The Day Before the Day of Infamy:
 Saturday, December 6th, 1941


by William M. Beachly

    In the harbor, a dark cloud of smoke towers over the wreckage of many great ships of war. Over two thousand sailors and civilians are dead, and nine thousand are injured. It is December 7th, 1941, and the world has changed.

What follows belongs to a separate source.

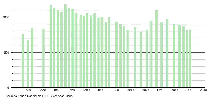 L'évolution du nombre d'habitants est connue à travers les recensements de la population effectués dans la commune depuis 1793. Pour les communes de moins de 10 000 habitants, une enquête de recensement portant sur toute la population est réalisée tous les cinq ans, les populations légales des années intermédiaires étant quant à elles estimées par interpolation ou extrapolation[12]. Pour la commune, le premier recensement exhaustif entrant dans le cadre du nouveau dispositif a été réalisé en 2007[13].
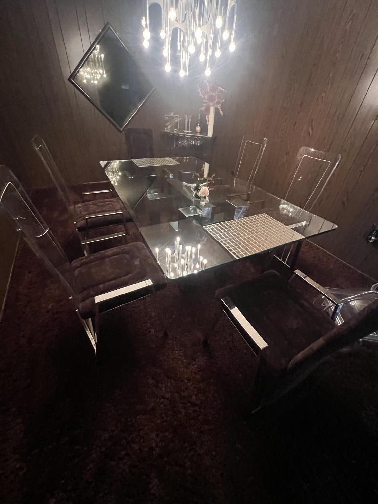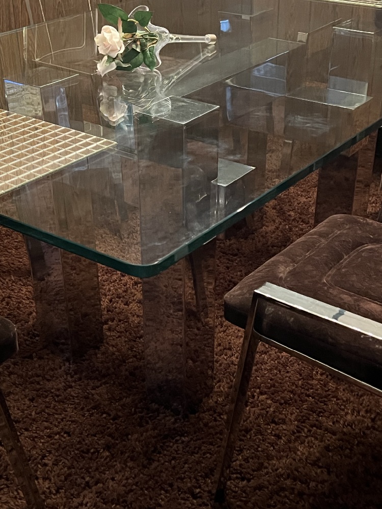 Chrome and Glass Top Dining Room Table c. 1970's w/ Six Chairs.

    The Second World War is a watershed in American history, a dividing line. In ways no one could have grasped beforehand, the United States was going to emerge as a different society. This paper seeks to provide a snapshot of the American heartland on the day before the day of infamy.

* * *

     December 6th, 1941. It’s a warm Saturday. The week before, twenty thousand fans watched the University of Nebraska Cornhuskers nip Oklahoma in a nail-biter, 7 to 6. Head Coach "Biff" Jones would be called to active duty soon after the attack on Pearl Harbor. Dad might go hunting pheasants and the rising sun would feel nice through his flannel jacket—the crisp autumn air, the sound of stepping on fallen stalks, the immediacy of a burr in his socks—but soon the sun would also rise in the west. Mother may have been still dealing with the aftermath of the previous week's Thanksgiving dinner, and the feeling may have been there—when world events lent a serious backdrop to this year’s gathering—that we should be especially thankful for what we have. For things can change so quickly.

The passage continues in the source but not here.